Have you ever been confused with how CPU, RAM, and storage are different from one another? Which one is more important for data science work? I made a fun illustration for you to quickly understand their differences.
CPU (Central Processing Unit): This is the brainpower of your computer that performs operations and tasks. In the illustration, it’s the brown cat working hard on sorting the balls by their color. The smarter cat you have (better and newer processors) and the more cats you have working at the same time (more CPUs working in parallel), your computer will be able to complete the tasks much faster.
RAM (Random Access Memory): RAM temporarily keeps track of all your computer’s concurrent activities and data. In the illustration, RAM is the yellow desk where the cat can temporarily place the beakers filled with balls (e.g. data, programs, applications). The larger the desk, the more beakers the cat can temporarily put on the desk at once. On the contrary, even if you have 100 intelligent cats working in parallel, if the desk is teeny tiny, the sorting will take a very long time to complete because there simply isn’t enough desk space for all 100 cats to operate simultaneously.
Storage: This is the hard disk drive where all your data, files, and programs are saved permanently.
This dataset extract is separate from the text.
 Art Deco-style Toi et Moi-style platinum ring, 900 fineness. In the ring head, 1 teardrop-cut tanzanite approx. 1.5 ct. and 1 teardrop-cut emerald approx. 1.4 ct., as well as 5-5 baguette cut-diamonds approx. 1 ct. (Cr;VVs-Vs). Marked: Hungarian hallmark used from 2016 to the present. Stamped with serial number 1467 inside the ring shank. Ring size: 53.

As you can see in the drawing, it takes a bit of a time for the turtle to ship the balls (data) back and forth for the cat (CPU) to work on.
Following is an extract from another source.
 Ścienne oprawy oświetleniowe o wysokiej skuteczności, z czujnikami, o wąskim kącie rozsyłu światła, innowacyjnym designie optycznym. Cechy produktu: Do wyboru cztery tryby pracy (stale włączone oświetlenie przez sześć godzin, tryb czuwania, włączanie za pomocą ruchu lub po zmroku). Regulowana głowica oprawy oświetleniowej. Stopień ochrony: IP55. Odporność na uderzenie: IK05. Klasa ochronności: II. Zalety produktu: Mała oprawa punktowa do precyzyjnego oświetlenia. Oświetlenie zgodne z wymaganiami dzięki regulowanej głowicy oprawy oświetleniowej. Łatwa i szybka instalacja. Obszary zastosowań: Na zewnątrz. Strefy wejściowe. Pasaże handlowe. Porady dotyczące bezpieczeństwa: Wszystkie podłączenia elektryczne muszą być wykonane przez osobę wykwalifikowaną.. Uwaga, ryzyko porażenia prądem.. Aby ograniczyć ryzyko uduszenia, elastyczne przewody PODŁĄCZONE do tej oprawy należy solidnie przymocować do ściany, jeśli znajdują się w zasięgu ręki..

So… which components are more important for your machine learning projects? Which laptop or virtual instance specs should you choose? The key is to balance out these components. For example, there is no point investing in 12 CPUs for parallel processing if your RAM is only 4GB. Based on my experience building models in laptops and virtual instances, a good rule of thumb is to have at least 16GB of RAM and 8 CPUs. If your code constantly keeps on crashing while running, increasing the RAM size is more helpful than increasing the number of CPUs.